Correspondence: Professor Y-S Kim, Ilsong Institute of Life Science, Hallym University, Ilsong Building, 1605-4 Gwanyang-dong, Dongan-gu, Anyang, Kyounggi-do 431-060, South Korea. Tel: +82 31 380 1986; Fax: +82 31 388 3427; E-mail: yskim@hallym.ac.kr

Received 5 January 2005; Revised 23 May 2005; Accepted 31 May 2005; Published online 29 June 2005.

Abstract

The downstream prion-like protein (doppel or Dpl) shares significant biochemical and structural homology with the cellular prion protein, PrP^C, which is considered as a responsible protein for the transmissible spongiform encephalopathies (TSEs) or prion diseases.

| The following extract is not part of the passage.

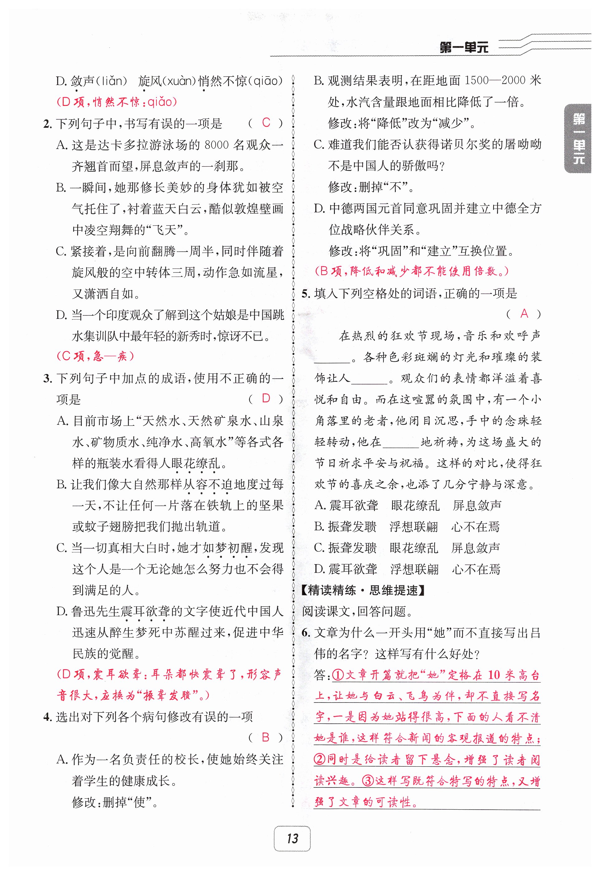 注:目前有些书本章节名称可能整理的还不是很完善,但都是按照顺序排列的,请同学们按照顺序仔细查找。练习册 2024年名校金典课堂八年级语文上册人教版成都专版 答案主要是用来给同学们做完题方便对答案用的,请勿直接抄袭。

Recently, polymorphisms in open reading frame (ORF) of the prion-like protein gene (PRND) have been analysed in relation to the occurrence of prion diseases and other neurodegenerative disorders. We examined the role of a single-nucleotide polymorphism (SNP) at 3' untranslated region (UTR) +28 of PRND. We analysed this polymorphism in 110 Korean patients with sporadic Creutzfeldt–Jakob disease (CJD) and 102 healthy control subjects. Significant differences in genotype (P=0.005) and allele (P=0.032) frequencies at 3' UTR +28 were observed between sporadic CJD and normal controls. This result suggests that the PRND polymorphism at 3' UTR +28 might be associated with the occurrence of sporadic CJD.